Materials and methods

Cell culture and reagents

Mangiferin (MGN), Dulbecco’s Modified Eagle Medium (DMEM), Fetal Bovine Serum (FBS), Rhodamine 123, Acridine orange (AO) were purchased from Sigma Chemical Co. (St. Louis, MO, USA). Other chemicals mentioned were procured from HiMedia Laboratories, Mumbai, India. Human dermal fibroblast cells used in this study were previously established at the Manipal School of Life Sciences, from the skin biopsies of healthy individuals with prior consent and approval from Institutional Ethics Committee, Kasturba Hospital, Manipal (approval number IEC 011/2009). Briefly, skin sample was cut into small pieces aseptically and cultured in the presence of DMEM containing 10% FBS and fibroblast cells were allowed to outgrow and routinely passaged by trypsinization. Fibroblast cells were identified by their distinct property of being spindle-shaped, bipolar and retractile (as described in ATCC). The fibroblast cells established were maintained in DMEM supplemented with 10% FBS, along with 1× antibiotics/antimycotic mixture (containing 100 U of Penicillin, 0.1 mg of Streptomycin and 0.25 μg of Amphotericin B) at 37 °C in a 5% CO2 incubator. Cells were maintained at 50–60% confluence and all the experiments were conducted using cells established from multiple donors of below passage 10.

Experimental design

We initially carried out experiments in order to determine the effective concentration at which H2O2 is potent enough to induce senescence. For this, exponentially growing cells (104) growing in 96 well plate were treated with different concentrations of H2O2 (10-500 μM) for 24 h in order to determine the effect of H2O2 on cell viability by MTT assay [11]. Our finding (unpublished data) indicated that treating the fibroblast cells with a low concentration of H2O2 (10 μM) everyday for 15 days could induce the phenotype of premature senescence in fibroblast cells which was confirmed by SA-β Gal staining assay.
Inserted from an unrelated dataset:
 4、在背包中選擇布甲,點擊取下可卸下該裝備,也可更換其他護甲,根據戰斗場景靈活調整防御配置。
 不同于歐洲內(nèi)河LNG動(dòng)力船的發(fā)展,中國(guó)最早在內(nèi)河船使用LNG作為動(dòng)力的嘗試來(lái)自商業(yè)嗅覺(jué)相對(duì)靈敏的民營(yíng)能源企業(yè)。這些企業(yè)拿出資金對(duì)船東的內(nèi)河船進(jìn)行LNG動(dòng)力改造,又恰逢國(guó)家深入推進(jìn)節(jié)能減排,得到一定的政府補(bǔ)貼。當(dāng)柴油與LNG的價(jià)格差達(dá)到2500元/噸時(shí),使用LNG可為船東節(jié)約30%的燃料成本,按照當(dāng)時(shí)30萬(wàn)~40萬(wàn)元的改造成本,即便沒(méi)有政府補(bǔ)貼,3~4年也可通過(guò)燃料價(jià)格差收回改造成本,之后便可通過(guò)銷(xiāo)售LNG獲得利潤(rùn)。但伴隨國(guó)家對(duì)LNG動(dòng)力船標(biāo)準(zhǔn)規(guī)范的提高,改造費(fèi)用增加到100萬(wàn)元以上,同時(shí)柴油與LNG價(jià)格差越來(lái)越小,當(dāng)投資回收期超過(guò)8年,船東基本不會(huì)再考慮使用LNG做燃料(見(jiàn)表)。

For protective studies, two doses of MGN were selected (10 μM and 50 μM) based on MTT assay performed as described earlier [11]. In this case, exponentially growing cells (104) growing on 96-well plate were conditioned with different concentration of MGN (5–100 μM; 2 h) and then challenged with H2O2 (200 μM; 24 h) following which MTT assay was performed.
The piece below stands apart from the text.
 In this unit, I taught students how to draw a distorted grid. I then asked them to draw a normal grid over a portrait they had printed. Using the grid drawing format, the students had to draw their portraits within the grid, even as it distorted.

For senescence related experiments, the exponentially growing cells (6 × 105) were seeded in several T-75 flask with 10 mL of DMEM per flask and were divided as following for treatment with test agents:

1) Control, 2) MGN (10 μM), 3) MGN (50 μM), 4) H2O2 (10 μM), 5) MGN (10 μM) + H2O2 (10 μM) and 6) MGN (50 μM) + H2O2 (10 μM). In the combination treatment group, cells were conditioned with the mentioned concentrations of MGN for 2 h prior to H2O2 exposure. The cells received both the drugs every day up to day 15. Cells were harvested at different days viz., day 1, day 5, day 10, and day 15 of treatment in order to carry out various assays mentioned below. Cells were seeded and maintained at a sub-confluent level throughout the treatment time-period to 15 day with intermittent sub-culturing up in order to prevent replicative senescence due to lack of growing space. Sub-culturing of treatment group was performed once in 3 days after the 2 h of MGN conditioning was over.
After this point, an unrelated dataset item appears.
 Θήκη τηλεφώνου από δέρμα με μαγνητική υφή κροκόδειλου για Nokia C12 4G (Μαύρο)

Assay for estimation of intracellular ROS

Post-treated cells were harvested and centrifuged at 155×g for 5 min. The pellet was dislodged and washed with sterile PBS at 155×g for 5 min. Cells were stained separately with 5 μM DCF-DA (for cytosolic ROS) and 5 μM of MitoSox Red (for mitochondrial superoxide) and incubated for 30 min at 37 °C, in dark. Acquisition of cells was performed with BD FACS Calibur (USA) flow cytometer using CellQuest software (BD, USA) [12].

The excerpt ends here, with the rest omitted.